No hubo Halconazo en San Justo -disculpen, vuelvo a mí-, pero sí hubo al igual que en la historia de Cuarón violencia y crímenes políticos en mi barrio, como el asesinato de un ex ministro del Interior en un restaurante que nos sumió a los vecinos en la perplejidad y el pánico. Vivíamos nuestra infancia y adolescencia en medio de las balas y las ejecuciones en plena calle o en terrenos baldíos: nos educábamos, crecíamos, amábamos y leíamos mientras al otro lado de la puerta la violencia nos llevaba puestos. Quiero ser franca: no lo pensaba así entonces, cuando mi mayor preocupación era qué me iba a poner para el cumpleaños de alguna compañera o cómo iba a responderle alguna maldad a otra, mientras Claudia, o Marta, o Lidia me ayudaban a pensar argumentos, al tiempo que hacían las camas, preparaban las milanesas o baldeaban el patio.

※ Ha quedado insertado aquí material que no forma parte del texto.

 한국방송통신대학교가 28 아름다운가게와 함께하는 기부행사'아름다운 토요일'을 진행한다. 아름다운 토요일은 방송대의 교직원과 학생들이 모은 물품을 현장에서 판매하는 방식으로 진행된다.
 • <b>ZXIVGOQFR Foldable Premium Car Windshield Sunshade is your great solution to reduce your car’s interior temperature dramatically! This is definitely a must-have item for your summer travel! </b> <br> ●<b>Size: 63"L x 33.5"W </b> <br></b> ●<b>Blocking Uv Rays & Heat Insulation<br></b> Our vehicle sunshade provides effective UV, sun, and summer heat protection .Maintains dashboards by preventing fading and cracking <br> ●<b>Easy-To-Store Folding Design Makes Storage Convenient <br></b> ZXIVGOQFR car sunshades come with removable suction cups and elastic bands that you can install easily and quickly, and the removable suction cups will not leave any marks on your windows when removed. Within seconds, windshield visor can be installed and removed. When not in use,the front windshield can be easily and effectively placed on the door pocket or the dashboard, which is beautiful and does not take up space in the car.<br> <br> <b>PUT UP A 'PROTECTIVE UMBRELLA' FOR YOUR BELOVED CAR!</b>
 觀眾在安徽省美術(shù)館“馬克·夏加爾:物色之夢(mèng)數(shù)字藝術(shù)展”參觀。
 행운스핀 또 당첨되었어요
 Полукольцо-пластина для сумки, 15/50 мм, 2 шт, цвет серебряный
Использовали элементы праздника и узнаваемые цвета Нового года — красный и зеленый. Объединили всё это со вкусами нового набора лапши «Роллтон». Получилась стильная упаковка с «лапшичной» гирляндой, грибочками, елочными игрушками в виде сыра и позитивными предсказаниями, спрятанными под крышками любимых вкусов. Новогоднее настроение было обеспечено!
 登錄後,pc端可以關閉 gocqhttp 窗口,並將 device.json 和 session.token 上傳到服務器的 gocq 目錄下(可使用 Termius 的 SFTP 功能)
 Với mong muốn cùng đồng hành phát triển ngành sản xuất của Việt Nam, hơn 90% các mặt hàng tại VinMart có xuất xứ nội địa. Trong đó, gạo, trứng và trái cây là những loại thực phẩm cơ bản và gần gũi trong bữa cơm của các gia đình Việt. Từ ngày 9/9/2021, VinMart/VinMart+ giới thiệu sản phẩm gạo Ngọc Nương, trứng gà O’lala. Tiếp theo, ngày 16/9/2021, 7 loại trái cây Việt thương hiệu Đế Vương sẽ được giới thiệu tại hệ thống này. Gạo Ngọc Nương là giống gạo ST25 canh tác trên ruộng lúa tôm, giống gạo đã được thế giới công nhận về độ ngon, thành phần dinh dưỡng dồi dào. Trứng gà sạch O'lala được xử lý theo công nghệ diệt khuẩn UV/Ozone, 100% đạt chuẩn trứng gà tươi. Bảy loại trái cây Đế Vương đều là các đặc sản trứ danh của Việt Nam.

Mirar el pasado con ojos mayores cambia la perspectiva. En el medio, y hace tiempo, hubo un fin de la inocencia para todos.
Roma es una película hermosa de toda hermosura, con un blanco y negro que remite a la memoria de algunas generaciones y también a algunos clásicos del cine anteriores a nuestra época que muchos veíamos fascinados por televisión y, más tarde, ya adolescentes, en los ciclos de cine de algunas cinematecas.
Roma es una casa de barrio acomodado con un garage en el que el perro hacía caca y el auto enorme entraba con fórceps. Un garage en donde mamá y los chicos salían cada noche a recibir al hombre de la casa, a quien esperaban con ansiedad para que contara cómo era la vida ahí afuera mientras la mesa esperaba ya servida y, sobre alguna hornalla, una cacerola echaba el humo delicioso de alguna comida casera. Roma es sobre todo una nostalgia perfumada, una memoria en sordina y una herida abierta que hace muchos años se disfraza de cicatriz para permitirnos seguir vivos.